Tuesday, February 24, 2009

...my stupid back. My father-in-law was having something similar but then eventually one day he got out of bed and instead of the pain going away it got worse. He's scheduled for back surgery now. If the same happens to me I guess I'll be ruined. My new career will be ruined, etc. I'm not getting any better. I'll get out my old inversion machine today.

Anyway up again early because the pain was too much. This all happened because I was helping someone get to their bedside commode and they surprised me by not using their legs at all. They literally lifted their legs off the ground at the same time that it turns out they had very strong arms. It was like a 180 pound baby monkey wrapped around me, holding on to my neck.

I once deadlifted 465 pounds but, exactly doing that sort of thing originally weakened my back and 180 pound baby monkeys just aren't a good thing these days.

I'm happier then I've been in the past and gee whiz, people like happy people better. The bastards.

No really. They suck for that.

This also partially depends on whether or not they feel inferior/threatened or superior/not threatened by you. Of course best of all if it's neither. Neither is harder though. The reality for example at work is that people talk bad about one another behind their backs. I don't. (Well except for what little I just said in this blog about a coworker being effeminate and not well read, etc. But I think that's OK because it will never have any ramifications upon him.) But there we are with lots of talking bad about people behind their backs (which I actually speak out on whoever's behalf, even though it could cause people in turn to not like me). Add in the unoccasional firing and to really truly get out of thinking of people as potential threats would seem not so easy.

Anyway if you feel superior or at least equal and/or unthreatened then someone being unhappy isn't such a bad thing. You can even respond by feeling the need to be happier then you'd normally be; to try to cheer them up. For some people the very fact that you seem unhappy makes them feel superior no matter your relative intelligence level. Well maybe not exactly. But something that amounts to the same.

Unfortunately if they feel inferior to you at the same time that they see you're unhappy then they'll really dislike you. They will feel that they cannot be happy in your presence. That to do so would mark them as a really stupid person and that as they are inferior to you they really ought to just mirror your mood; at least until they can get away from you, which they'll be doing as soon as possible.
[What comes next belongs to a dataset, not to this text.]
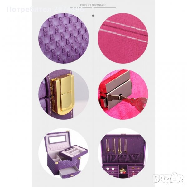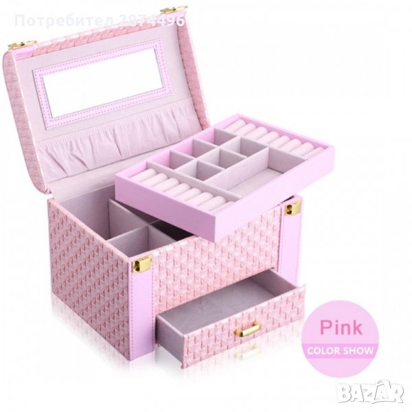 Това е едно ново ниво в организацията на бижутата. Моделът, който ви представяме е истинско произведение на изкуството. Дизайнът включва много място за вашите любими аксесоари часовници, пръстени, гривни и всичко останало. Разполага с голямо огледалце от вътрешната страна на капака, което можете да изтеглите, за да виждате по-добре как ви стоят бижутата, а защо не и да се гримирате по удобен начин.

So then those are the people who "suck". I guess.

So then:
An inferior will mirror unhappiness.
A threatened will mirror unhappiness.
An inferior will see happiness as a show of dominance/a threat.
A threatened will see happiness as a threat.

A superior can do whatever they want. If they're nice they can try to cheer you up by being happy when you're sad. In which case it will just backfire if the other person in turn feels threatened by you or feels inferior. It will just look like dominance to them.

If a superior wants to be unhappy, they'll of course do so. And the inferior will want to run far away from your mood dominance.

If you manage to be unthreatened by one another (as rare as that is) then you both can actually just be.

So then how can I make all people never feel threatened by me? What magic trick can I do? Like Lynch's high pitched nasal voice. I can't imagine people feeling very threatened by him. He is rare though.